Newton Jayawardanei's Shrub Frog
- Conservation status: Data Deficient (IUCN 3.1)

Scientific classification
- Kingdom: Animalia
- Phylum: Chordata
- Class: Amphibia
- Order: Anura
- Family: Rhacophoridae
- Genus: Pseudophilautus
- Species: P. newtonjayawardanei
- Binomial name: Pseudophilautus newtonjayawardanei Wickramasinghe et al, 2013

= Pseudophilautus newtonjayawardanei =

- Authority: Wickramasinghe et al, 2013
- Conservation status: DD

Species of amphibian

Pseudophilautus newtonjayawardanei (Newton Jayawardanei's shrub frog) is a species of frogs in the family Rhacophoridae, endemic to Sri Lanka.

==Habitat and threats==

Its natural habitats are wet lowland forests of Sri Lanka where the trees form a closed canopy. It is one of the 8 species of rhacophorids that were discovered from Adam's Peak in 2013. It has been observed between 1800 and 2000 m above sea level. In those areas, people have seen it sitting on leaves 8 m above the ground.

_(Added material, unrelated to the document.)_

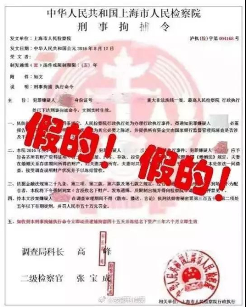 刘女士点开网站链接,瞬间傻了眼,一时间惊慌失措,因为她看到了一份涉嫌金融诈骗案的“逮捕令”有她的姓名、身份证号、住址同时还有她的照片!最底下还有其他检察官的签名,加盖了大红公章

It is threatened by habitat loss, which scientists attribute to increased urbanization, agriculture, grazing, and logging.

==Etymology==
The frog was named after Dr. Newton Jayawardane, a surgeon and a wildlife conservationist.

==Appearance==

The adult female frog measures 38.4 mm in snout-vent length. The skin of the dorsum is bronze in color. There is a white stripe in the middle of the back. There are dark brown stripes sideways from the eyes to the groin. There are small bronze marks on the snout and face. The flanks are lighter in color green, brown, and white spots. There are brown marks on the legs. The ends of the toes are almost white in color. The webbed skin is also off-white. This frog has a dark brown cross band between eyes.

==Original description==

- Wickramasinghe LJM (2013). "Eight new species of Pseudophilautus (Amphibia: Anura: Rhacophoridae) from Sripada World Heritage Site (Peak Wilderness), a local amphibian hotspot in Sri Lanka."